Feedback loops are central to regulating motion control systems, ensuring that machines operate with precision, stability of response and optimized speed/acceleration/position/precision according to design inputs.

There are two road forms of control architecture: open-loop and closed-loop.

In open-loop systems, there is no ‘feedback’ mechanism; they operate on a ‘demand met’ basis. A typical example of open loop control is a stepper motor drive, where a number of steps (electrical pulses) are sent to the motor and the system assumes compliance with the command. Where the motor power is more than sufficient to overcome the resistance to motion that the machine presents, most (although typically not all) steps are completed, the motor advances and the motion is completed in the machine.
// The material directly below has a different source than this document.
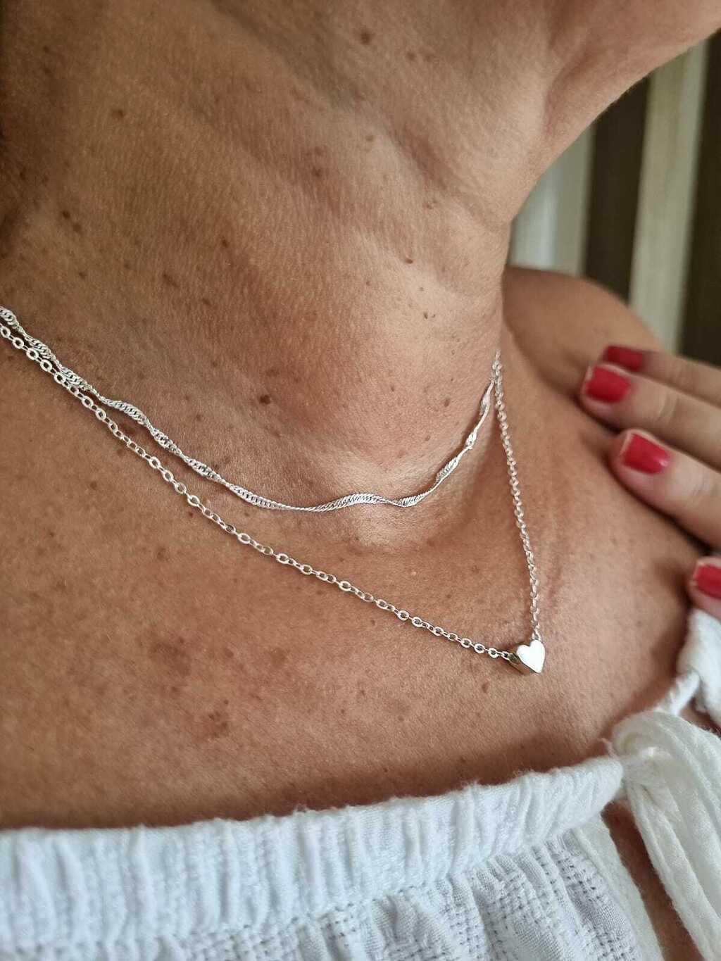 Design duplo com corrente torcidinha + corrente com pingente de coração
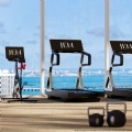 — Resort style pool with cabanas, floating daybeds, and a signature sculpture

Where a step is missed, the machine will only become aware of this when a ‘return to zero’ instruction is sent, homing the axis motion to its singular reference point. This will by default reset the counters to a correct zero, after which new step commands can be sent.

This can lead to inaccuracies, since the system lacks the ability to self-correct mid-motion. Where a stepper drive is overtaxed by the force required — such as when cutting becomes momentarily harder, or when an overly demanding acceleration instruction is given errors will accumulate.

How feedback loops regulate motion control systems

Our subject here is closed-loop control, which relies on continuous feedback to adjust performance dynamically, in real-time while in-motion. Sensors play the key role in such systems, providing real-time situational awareness, allowing optimal system performance to be maintained.

The central goal of feedback control in motion systems is to deliver precision, responsiveness and stability. Reducing/eliminating errors by compensating for disturbances allows feedback loops to deliver the desired system response reliably.

In robotics, CNC machines and industrial automation, feedback loops are essential aspects of the maintaining of precision achieving smooth, controlled motion, however complex the system.

Ensuring system accuracy

Feedback loops play a vital role in ensuring system accuracy in motion control by continuously monitoring the output reality and making real-time adjustments to minimize errors in that output. In motion control systems, the goal is to achieve precise movement, whether it's position, velocity or acceleration. However, external disturbances, material inconsistencies or system dynamics can cause deviations from the desired output.

A feedback loop ensures accuracy by comparing the actual output of the system (interpreted by sensors) to the desired input or command signal. If a difference, or error, is detected between the two, the controller adjusts the system to bring it back in line with the desired outcome. This continuous process of monitoring, detecting errors, and correcting them in real-time prevents the system from drifting or accumulating inaccuracies over time.

For instance, in a closed-loop system, feedback mechanisms like PID controllers (Proportional, Integral, Derivative) adjust motor performance by fine-tuning speed, torque or position to match the input specifications precisely. These adjustments help to correct errors caused by variations in load, friction or other mechanical factors.

By maintaining constant feedback and correction, feedback loops ensure that motion control systems perform with high accuracy, achieving the intended outcomes with minimal deviation, even in dynamic or unpredictable environments.

Monitoring output

Sensors that assess reality and convert it to an electrical signal are central to feedback loops by continuously measuring the system's output, such as position, velocity or acceleration. Common sensors used include encoders for position feedback, tachometers for velocity and load cells for force or torque.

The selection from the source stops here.